TWI Bulletin, November/December 2000

After graduating from Cambridge University with a Degree in Metallurgy, Richard Johnson joined UKAEA. Later whilst working at the Institute of Physics Fulmer Research Institute he was awarded a PhD in Metallurgy and Materials Science by Surrey University. He then rejoined UKAEA for 24 years before joining TWI in 1998 as a Senior Project Leader in the Electron Beam, Friction and Forge Processes Department.

Nathan Horrex is a Senior Research Technician, who has worked in the Friction and Forge Processes Group for three years, mainly involved with equipment development and research and development of friction based processes. He joined TWI from college and holds a Higher National Diploma in Engineering Mechatronics.

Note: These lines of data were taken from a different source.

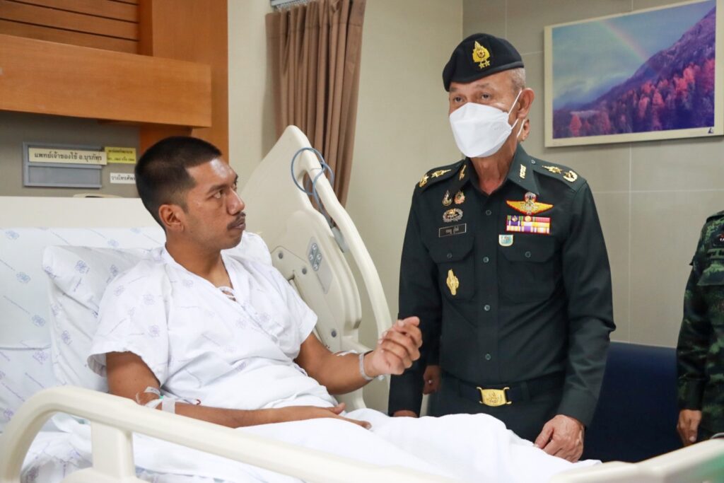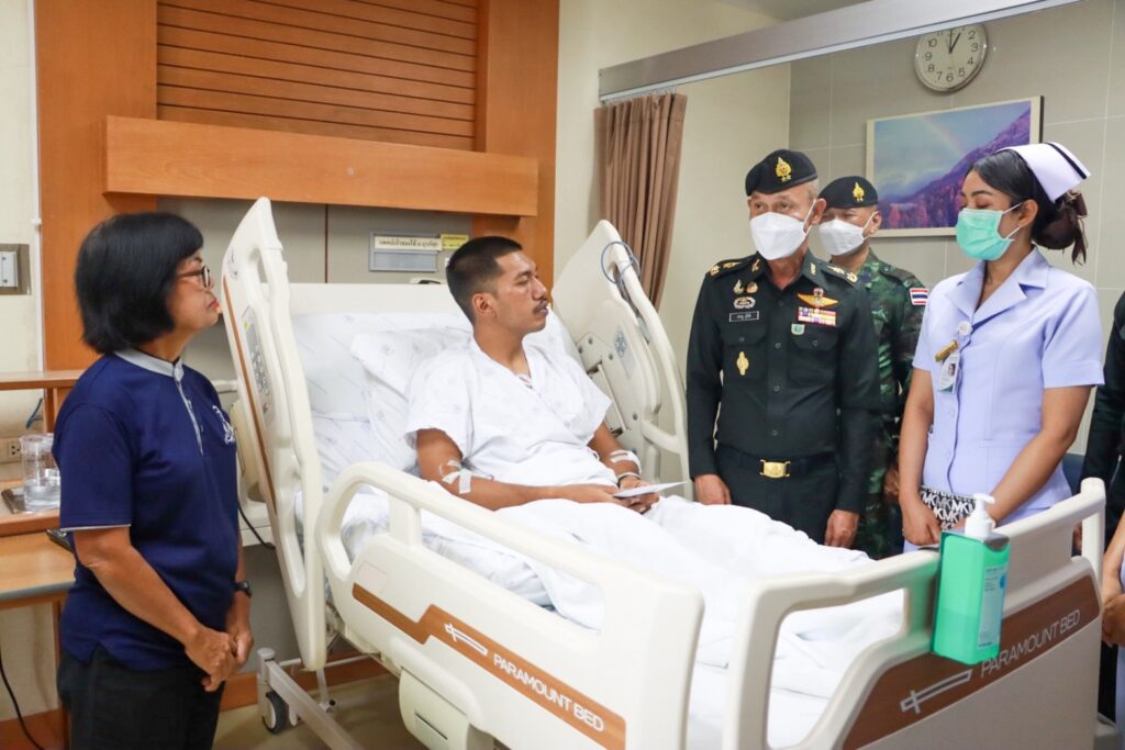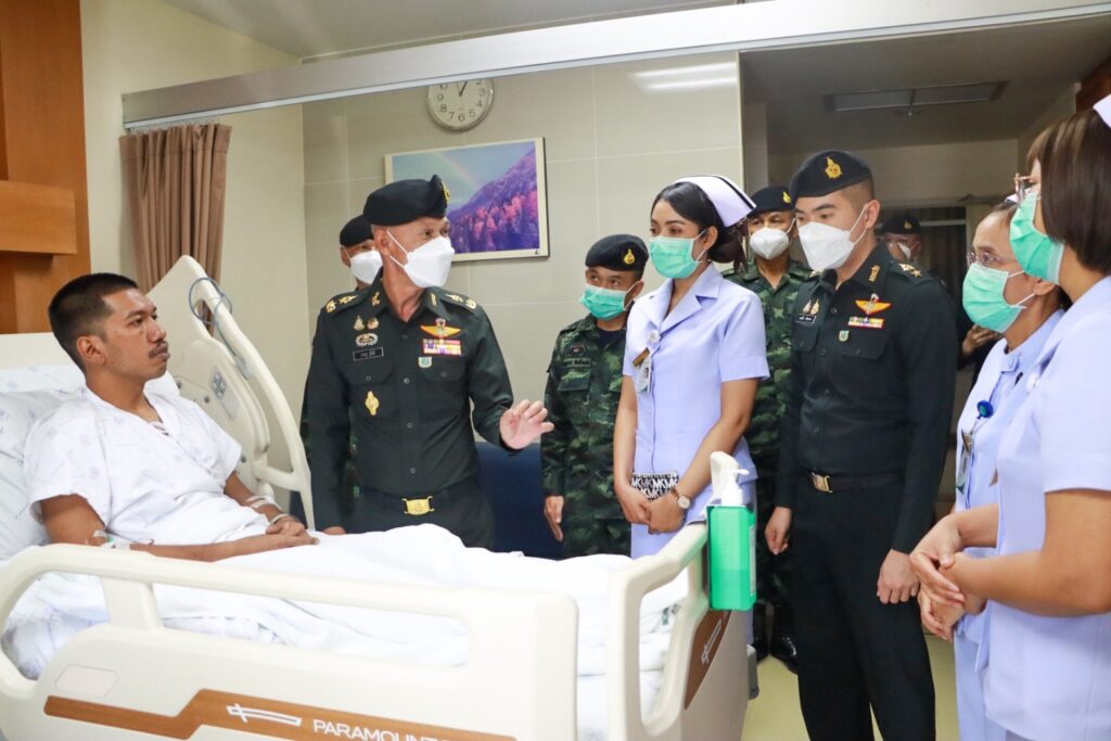 ในโอกาสนี้ รองแม่ทัพภาคที่ 4 / รองผู้อำนวยการรักษาความมั่นคงภายในภาค 4 ส่วนหน้า พร้อมคณะผู้บังคับบัญชา ได้พบปะพูดคุยสอบถามถึงเหตุการณ์และอาการ พร้อมให้กำลังใจผู้ที่ได้รับบาดเจ็บและครอบครัว เพื่อเป็นขวัญกำลังใจ ขอให้หายจากอาการบาดเจ็บโดยเร็ว พร้อมกลับมาปฏิบัติหน้าที่เพื่อดูแลความปลอดภัยให้กับพี่น้องประชาชนในพื้นที่ต่อไป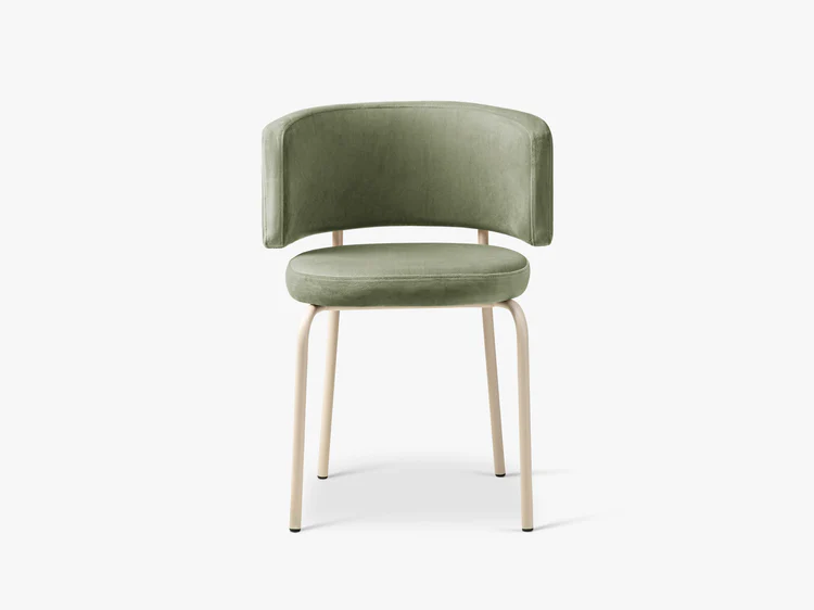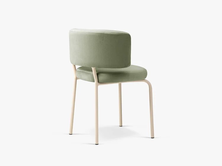 Tapecirana stolica Dora pruža pouzdanu udobnost za blagovaonice ili urede. Opremljena je kvalitetnom pjenom za dodatnu potporu te čvrstim crnim metalnim nogama.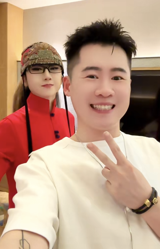 5月20日当天,化妆师更新两张与杨丽萍的亲密合影,照片中杨丽萍身穿民族风格的飘逸长裙,而他则穿着牛仔蓝衬衫,这件衬衫的设计颇为轻巧,细节之处也运用了类似的民族风元素,不少网友表示两人的装扮像极了情侣装,看上去出奇地和谐。
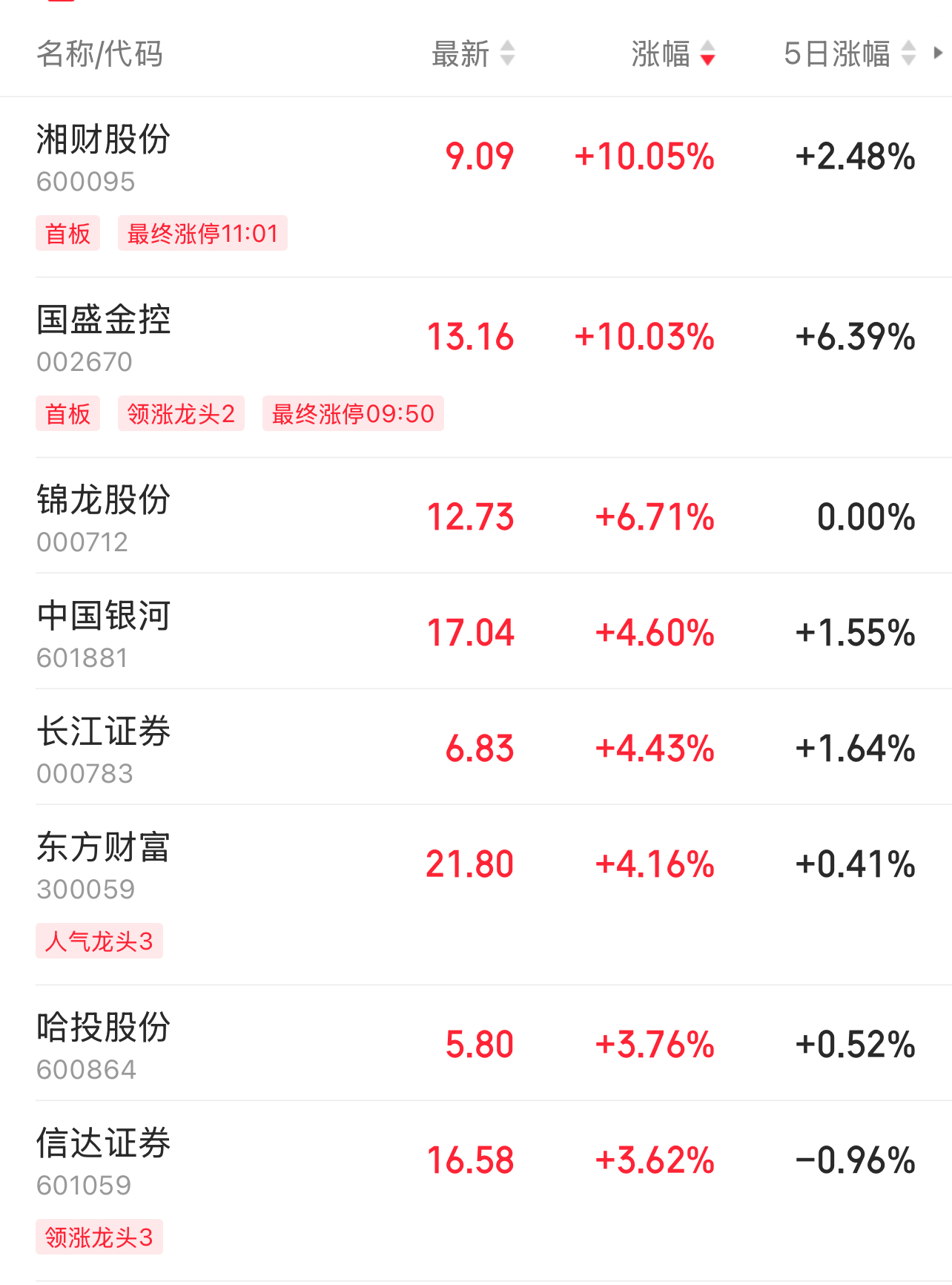 截至午間收盤(pán),證券板塊整體漲幅達(dá)2.91%,成交額已突破350億元,達(dá)到近期高位,顯示出市場(chǎng)資金對(duì)券商板塊的積極關(guān)注與參與。具體來(lái)看,板塊內(nèi)個(gè)股全面上漲,其中,湘財(cái)股份、國(guó)盛金控表現(xiàn)最為亮眼,其股價(jià)在盤(pán)中觸及漲停板;錦龍股份的漲幅也較為可觀,超6%緊隨其后。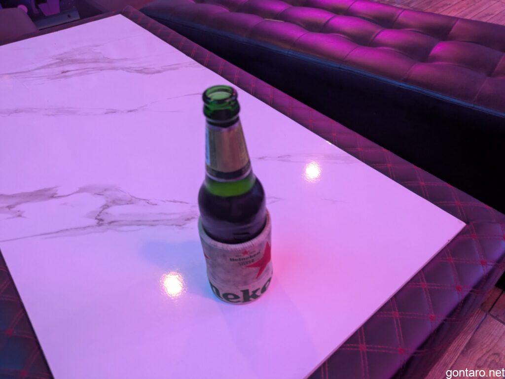 さすがに1時を過ぎていたので、Anikiさんは帰宅されたようで、とりあえずマオマオで火照った身体をクールダウンすべく涼しい店内でチャンビアを飲んでチェックの瓶🍺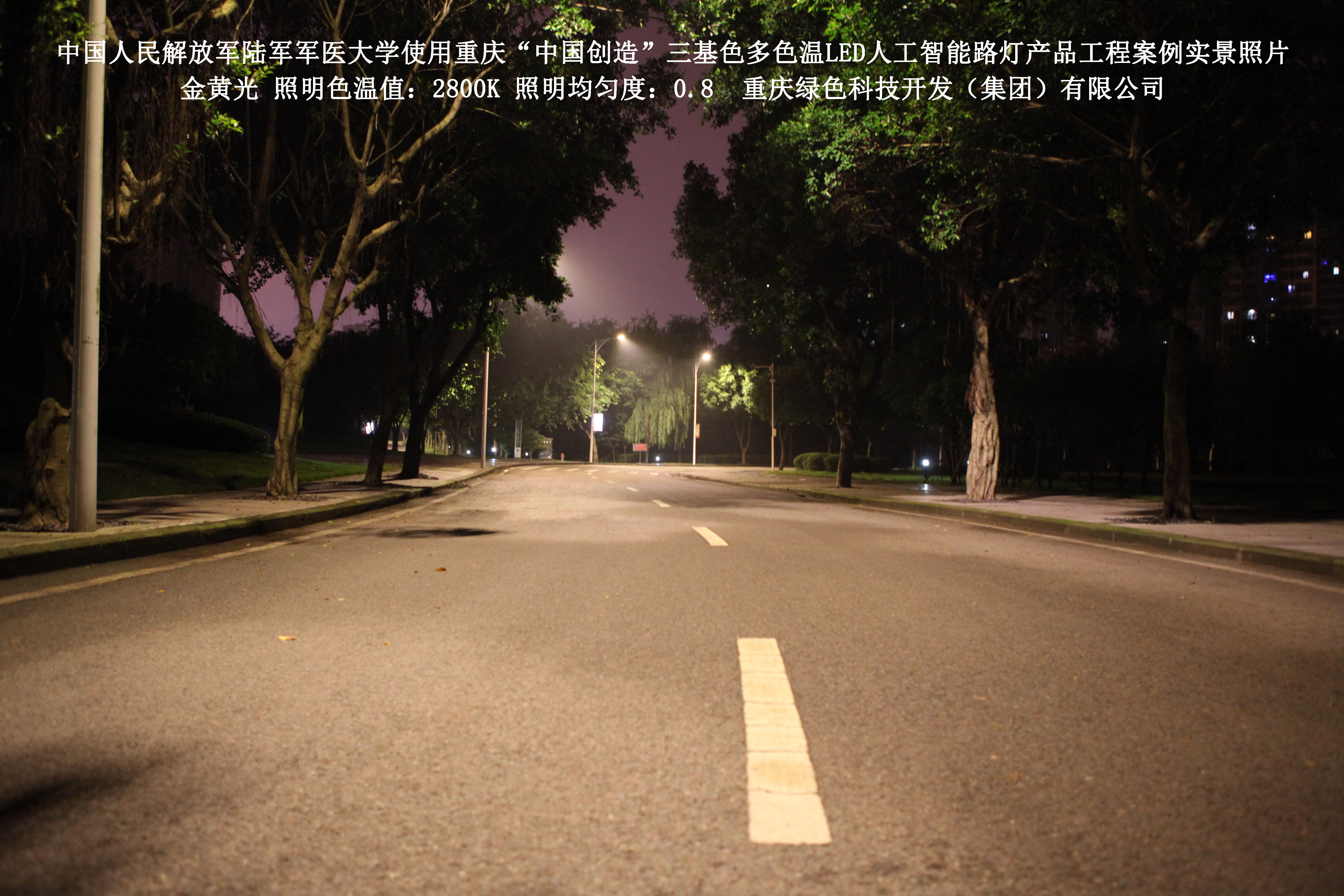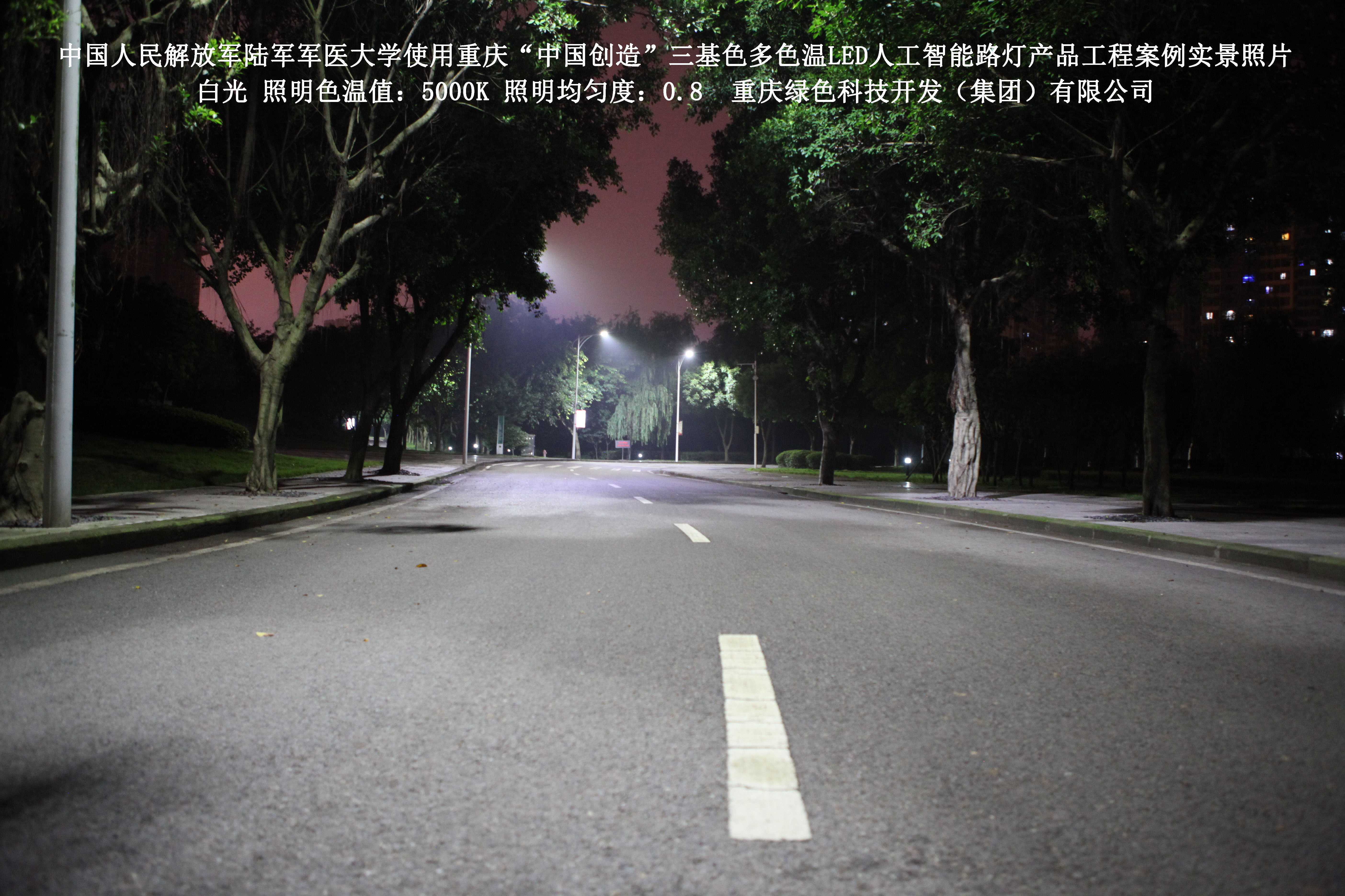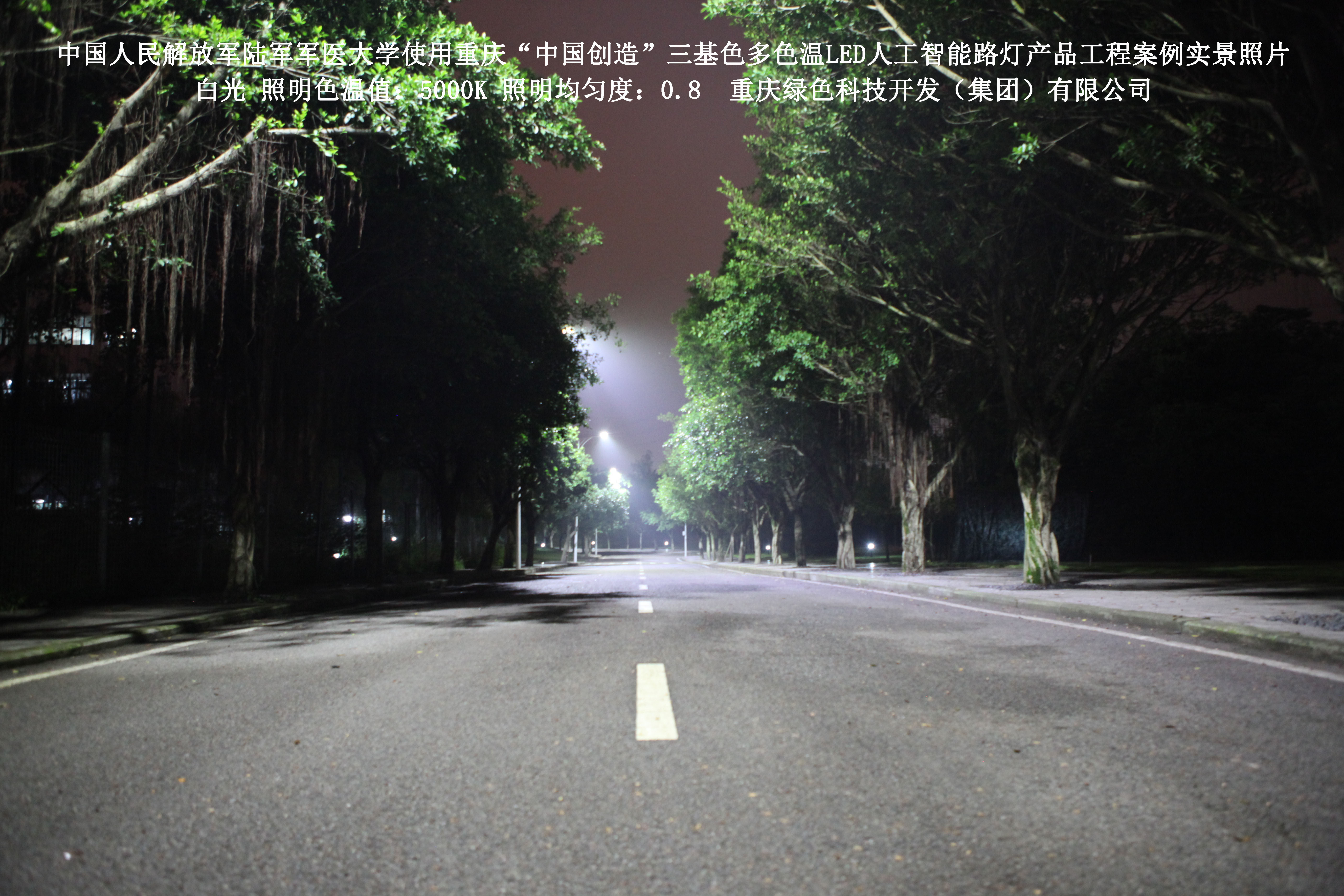 2018年4月,中國(guó)人民解放軍陸軍軍醫(yī)大學(xué)使用了我司研發(fā)制造的重慶“中國(guó)創(chuàng)造”三基色多色溫LED人工智能路燈,對(duì)沙坪壩大學(xué)城校區(qū)道路實(shí)施了綠色照明科技節(jié)能改造工程,該工程已全面竣工。工程實(shí)施后,極大地提高了照明清晰度、燈光均勻度、舒適度,實(shí)現(xiàn)城市路燈照明系統(tǒng)的智能化管理。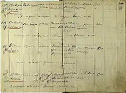 - ↑ Содержание столбцов актовой записи: 1) порядковый номер записи; 2) дата рождения и имя родившегося; 3) наименование населённого пункта, в котором произошло рождение; 4) пол ребёнка; 5) полное имя отца, род его занятий; 6) наименование населённого пункта, в котором проживал отец; 7) возраст отца; 8) особые отметки.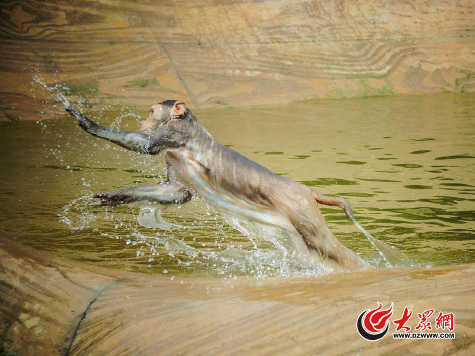 5月28日,山東濟(jì)南繼續(xù)高溫天氣,最高氣溫達(dá)到37℃,在濟(jì)南野生動(dòng)物世界里,動(dòng)物們喜過(guò)“潑水節(jié)”,老虎、大象、猴子等動(dòng)物沖涼泡澡消暑降溫。圖為一只獼猴在水池中嬉水納涼。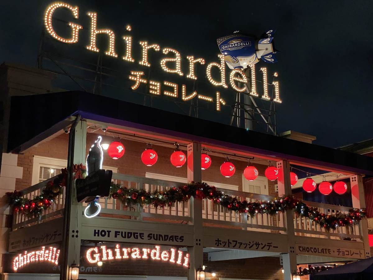 With the new Ghirardelli sign and the holiday garland, the land continues to shine as the night sky creeps in.

Friction stir welding (FSW) was developed at TWI and resulted in a patent application in December 1991. ^[1] The process operates by a rotating tool being plunged into softer material and then traversed through it. The material is plasticised by the friction heat generated by the tool as it rotates and, without any melting, the material is swept around the tool from the front to the back in order to effect a weld ( Fig.1). As Richard Johnson and Nathan Horrex report TWI has been performing an increasing amount of work for Industrial Members as well as developing a further understanding of the technology through its Core Research Programme.

As part of the latter, a need has been identified to quantify the FSW forces and torques developed by the process in order to transfer the technology to industrial equipment, including robots and machines operating under closed loop control. Force measurement has been performed previously by the use of strain gauges and a unidirectional force table, ^[2] but only measuring the downward and traversing forces. There is instrumentation now available to monitor force and torque data more directly on the FSW tool. This report summarises the findings of a short programme of work to evaluate such instrumentation.

Objectives

• To evaluate a commercially available dynamometer for the measurement of the horizontal and vertical forces and the torques generated during FSW.
• To compare the forces and torques generated during the FSW of different aluminium alloys.

Experimental approach

FSW machine and materials

6082-T6 aluminium alloy plates of 6.3mm thickness were selected as the initial material for the assessment, and these plates were friction stir welded in a standard welding jig. These were followed by 5083-O alloy plates of the same thickness. Some of the trials were conducted on a stir in plate basis (similar to the bead on plate welds in arc welding) rather than welding two plates of material together, in order to accommodate the small force table in use for some trials, Table 1.

Table 1: Compositions, hardnesses and room temperature mechanical properties of materials used (TWI analysis S/98/372)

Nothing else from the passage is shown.